▶ _Data provided_:
- - -

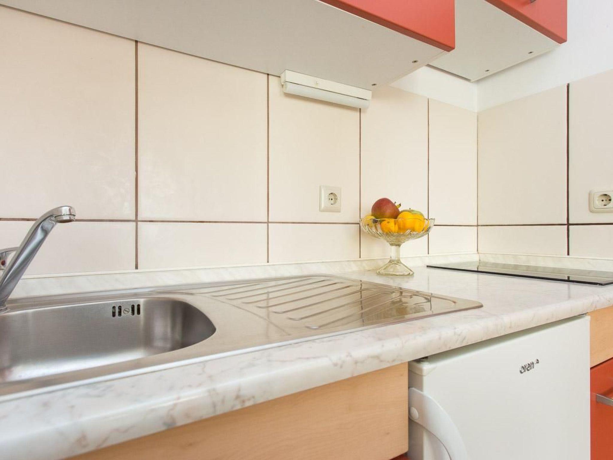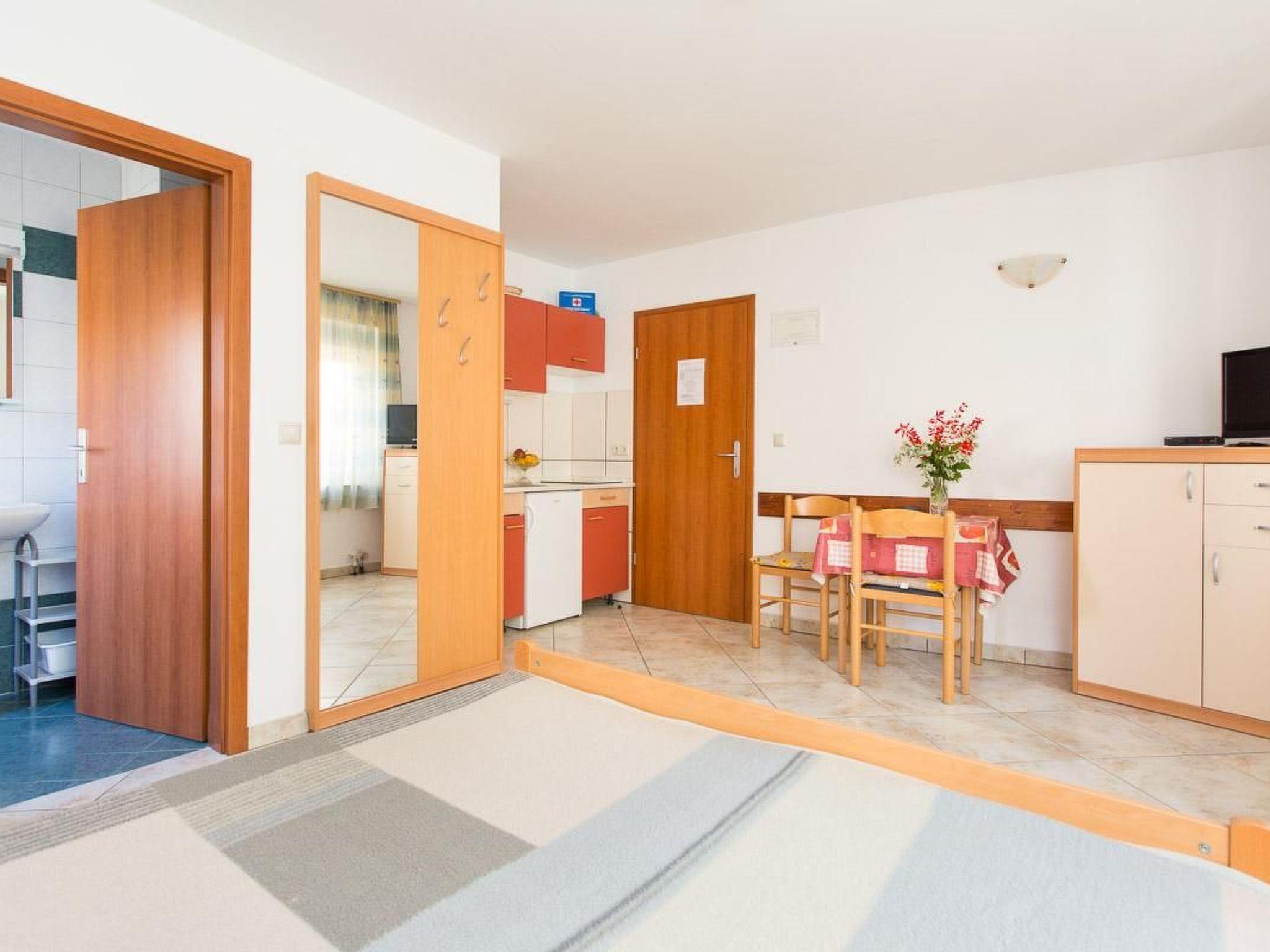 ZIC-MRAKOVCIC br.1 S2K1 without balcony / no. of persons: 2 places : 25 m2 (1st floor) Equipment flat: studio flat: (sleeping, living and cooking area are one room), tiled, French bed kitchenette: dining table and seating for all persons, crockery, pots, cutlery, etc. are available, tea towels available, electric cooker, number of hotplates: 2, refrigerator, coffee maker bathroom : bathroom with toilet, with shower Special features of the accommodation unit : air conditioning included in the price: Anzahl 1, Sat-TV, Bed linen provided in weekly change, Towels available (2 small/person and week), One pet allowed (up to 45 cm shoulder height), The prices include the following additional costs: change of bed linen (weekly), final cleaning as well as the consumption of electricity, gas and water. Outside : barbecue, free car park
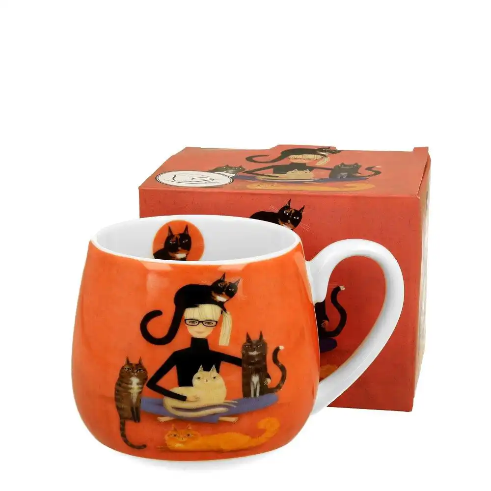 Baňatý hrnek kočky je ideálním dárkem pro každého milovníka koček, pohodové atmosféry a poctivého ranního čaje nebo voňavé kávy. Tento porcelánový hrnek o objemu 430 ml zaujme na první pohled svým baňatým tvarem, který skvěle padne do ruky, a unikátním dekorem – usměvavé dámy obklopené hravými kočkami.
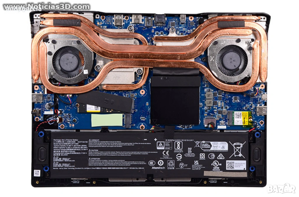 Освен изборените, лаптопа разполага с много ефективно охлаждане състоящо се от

- - -

▶ _Description of the task_:
Copy everything in the listing above exactly except the pictures.

▶ _Solution_:
 ZIC-MRAKOVCIC br.1 S2K1 without balcony / no. of persons: 2 places : 25 m2 (1st floor) Equipment flat: studio flat: (sleeping, living and cooking area are one room), tiled, French bed kitchenette: dining table and seating for all persons, crockery, pots, cutlery, etc. are available, tea towels available, electric cooker, number of hotplates: 2, refrigerator, coffee maker bathroom : bathroom with toilet, with shower Special features of the accommodation unit : air conditioning included in the price: Anzahl 1, Sat-TV, Bed linen provided in weekly change, Towels available (2 small/person and week), One pet allowed (up to 45 cm shoulder height), The prices include the following additional costs: change of bed linen (weekly), final cleaning as well as the consumption of electricity, gas and water. Outside : barbecue, free car park
 Baňatý hrnek kočky je ideálním dárkem pro každého milovníka koček, pohodové atmosféry a poctivého ranního čaje nebo voňavé kávy. Tento porcelánový hrnek o objemu 430 ml zaujme na první pohled svým baňatým tvarem, který skvěle padne do ruky, a unikátním dekorem – usměvavé dámy obklopené hravými kočkami.
 Освен изборените, лаптопа разполага с много ефективно охлаждане състоящо се от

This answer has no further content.